Something about long skybridges irks me. They cut off natural paths of traffic from each other, they're kinda ugly, and IMO they absolutely kill the street engagement of any area. Look at city creek. It should have an incredibly high amount of pedestrian traffic but instead of aligning the mall with the end of the trax stop they just put a bridge over the top of it and sucked main street dry of any attitude except for H&M, West Elm, and cotopaxi.
Skybridges are a very Las Vegas-esque solution to something that doesn't need to be solved. Make the sidewalks wide, line them with trees and shops, and let them walk to the convention center. You should not be able to spend the entire day inside of a convention center and hotel. People certainly have the right to be isolated from the climate for the vast majority of the time, but we live in one of the most naturally beautiful cities in the U.S. We don't live in minneapolis, our eyes aren't going to freeze shut. The most ideal solution is to strangle the cars of the vast spaces of land they eat up and accommodate high volume pedestrian movements through 100S / West Temple.
I think this goes to show how much I hate developments that keep pedestrians inside and locked up in general. Japantown is dead. That entire area is hot, grey, and dirty. The salt palace killed that area of town. And now we have an street that is uninterrupted for 1300 feet. That's unheard of in any city in the US to have a block interrupted for such a long length due simply to a building.

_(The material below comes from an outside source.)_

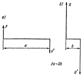 Рис. 12 Если, изменив величину сил и плечо новой пары, мы сохраним равенство их моментов М1= М2, или -Pa = -Qb, то состояние тела от такой замены не нарушится. Итак, вместо заданной пары

I spent some time in Queen Anne, Seattle these last couple of weeks and I know that seattle is an icon of dense, right-sized urban development but it still strikes me how developers are choosing to design their megaprojects. There are so many glaring differences that seem subtle but add up to big issues. They're undervegetating properties and when they are, they're using trees that stay dead for most of the year despite the large amount of evergreen trees endemic to SLC. They're constructing wide, uninterrupted swaths of... building. It doesn't even matter, but so many recent developments have gone up that are dry of personality. They look soviet. Even the choices of materials are bad.
Those windows that you see on every single apartment building in SLC, surrounded with stucco? Those are cheap windows and yes, people notice that they're ugly.
The salt palace is no different. Its isolated, its dry, its
hideous, and it contributes so much to the urban blight in and around W. Temple and 200 W that its almost depressing.
I guess I'm getting off topic, but I really, really, really hate the Salt Palace. Its way too flat and it cuts off each side of 100S to the point that the 130 foot wide western portion of 100S has essentially become a "dead" street. That's depressing. Japantown got knocked down for the salt palace.
If I had it my way, I would knock down the salt palace and put it on the 300W/S Temple empty parking lot. Stretch it vertically, and leave midblock pathways. And I would redevelop the entire area, but I wouldn't hand it off to one single developer like the Cowboy brothers or whatever the hell they're called. I want to see stuff
like this in downtown SLC. Its not tall, its not boisterous, but its connected to the cityscape, its beautiful, and its at a human scale. I don't understand why we don't see stuff like this in SLC. The economics are here. I just don't think that SLC's planning commissions and local laws are strong enough at stipulating that projects are aesthetically pleasing, VEGETATED (why is this so much of a fucking issue? why are our streets barren of trees? please plant some FUCKING TREES), and human-scaled.
I am writhing at Joseph Smith right now. Fuck your oxcarts.